A “Globeleza”, a musa de Carnaval do canal brasileiro Globo, causou surpresa quando surgiu, na edição deste ano do spot que protagoniza, vestida e a dançar ritmos de todo o país.

Desde 1991 que a Globo apresentava anualmente um spot publicitário da “Globeleza“, a musa do Carnaval que sambava nua com o corpo coberto apenas com pinturas e purpurina.

Representada sempre por mulheres negras de corpos esculturais, a cada ano a personagem foi dividindo opiniões e tornando-se cada vez mais controversa. Em causa estava o crescente questionamento sobre a objetificação e comercialização do corpo das mulheres – sobretudo as mulheres negras.

Até que no último domingo o canal apresentou o spot de Carnaval 2017 e surpreendeu os telespectadores ao mostrar a dançarina Érika Moura – que assume o papel de Globeleza desde 2015 – vestida com diferentes trajes e ainda acompanhada por outros dançarinos.

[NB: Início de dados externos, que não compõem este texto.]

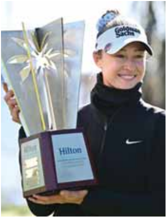
Nelly Korda poses with the trophy after winning Hilton Grand Vacations Tournament of Champions in Orlando.

Nelly Korda captured her 16th career LPGA title on Sunday at the season-opening Tournament of Champions after the event was shortened to 54 holes by sub-freezing temperatures. Korda completed an eight-under par 64 in the third round on Saturday at Lake Nona Country Club but six leaders were left on the course when play was halted on the Orlando, Florida, layout. They finished Sunday afternoon but none could catch Korda, the 27-year-old American winning for the first time since November 2024 in a seven-win season that qualified her for the tournament. "I really, over the off-season, was motivated to get back in the winner's circle," Korda said. Tokyo Olympic champion Korda, a two-time major winner, called her Saturday 64 in blustery and cold conditions among her greatest career rounds. "I would probably say a top-three round of my career," Korda said. "Conditions were brutal and they just got worse and worse throughout the day. Korda added that holes "17 and 18 were brutal. I think they were probably the hardest holes I've ever played in professional golf." After consulting with players and the grounds crew on Sunday, officials made the decision to complete 54 holes but cancel Sunday's scheduled final round.

Em vez da habitual pintura corporal que sempre foi utilizada, com efeitos especiais, a Globeleza apareceu com roupas típicas que representam o Carnaval em diferentes regiões do Brasil, com tradições como o maracatu, axé, frevo e bumba-meu-boi, não faltando o habitual samba do Rio de Janeiro. Outra novidade é que Erika não apenas sambou, mas também dançou cada uma das danças para as quais estava vestida.

Enquanto o país vive uma onda conservadora em questões como a educação e os direitos das mulheres, os media e as marcas parecem estar a fazer um esforço para refletir a diversidade da sociedade brasileira, com cada vez mais representatividade – independentemente dos objetivos comerciais que possam estar por detrás dessa tendência.